La peinture d'Arson, qui a longtemps séjourné
et exposé au Vénézuela, haut lieu de l'abstraction
géométrique, répond elle aussi à la
définition de l'oxymore. Ses oeuvres géométriques,
d'inspiration abstraites, mais incluant un grand travail sur la
matière, sont des monochromes ou de quasi monochromes noirs.
Et pourtant que de lumières en eux ! On pourrait croire
que les discrètes touches de couleurs - bronze ou or -
contribuent à cette sensation. Mais cette lumière
est présente en leur absence.

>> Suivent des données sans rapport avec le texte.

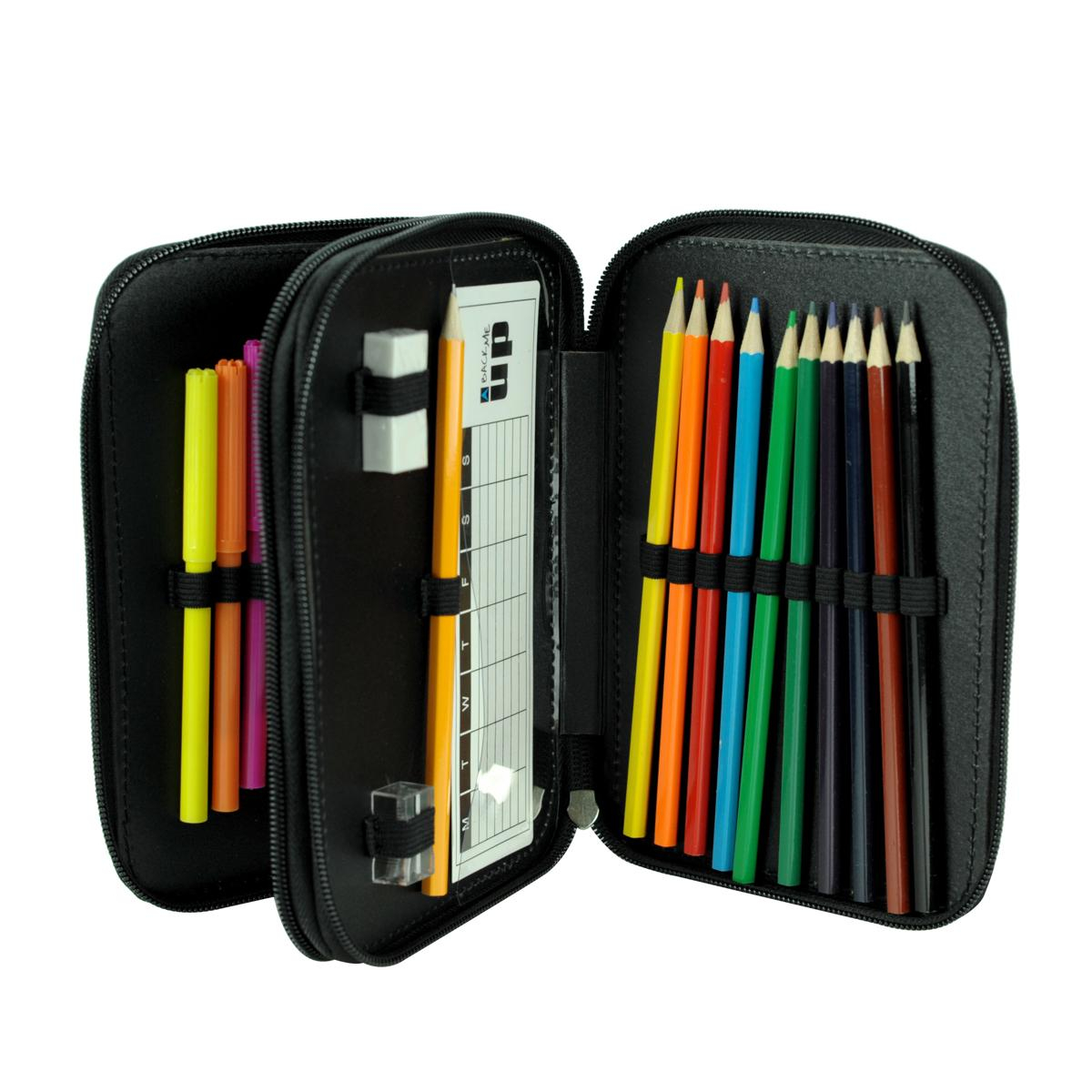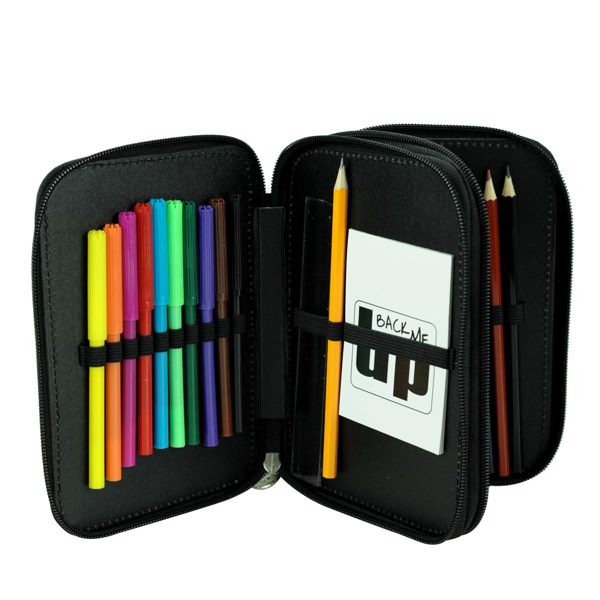 Κασετίνα από την εταιρεία Back Me Up σε μπλε-μαύρο χρώμα με μοντέρνο σχέδιο. Έχει 2 θήκες που κλείνουν με φερμουάρ. Η κασετίνα περιλαμβάνει στυλό, μολύβι, γόμα, ξύστρα, χάρακα, ξυλομπογιές, μαρκαδόρους, μπλοκάκι και πρόγραμμα. Όμορφη και πρακτική κασετίνα, ιδανική για να συνοδεύει καθημερινά το παιδί στο σχολείο.

ARSON possède une
capacité de traiter toutes les nuances et variantes du
noir qui le rend lumineux, éclatant, obtenu par l'opposition
des aplats et de la matière, des matières - en particulier
les écorces - entre elles, du brillant et du mat. Dans
ses oeuvres, il n'y a pas de noir, mais des noirs, crées
à partir de mélanges subtils. Par son alchimie,
le noir, image de l'obscur, se fait lumière, clarté.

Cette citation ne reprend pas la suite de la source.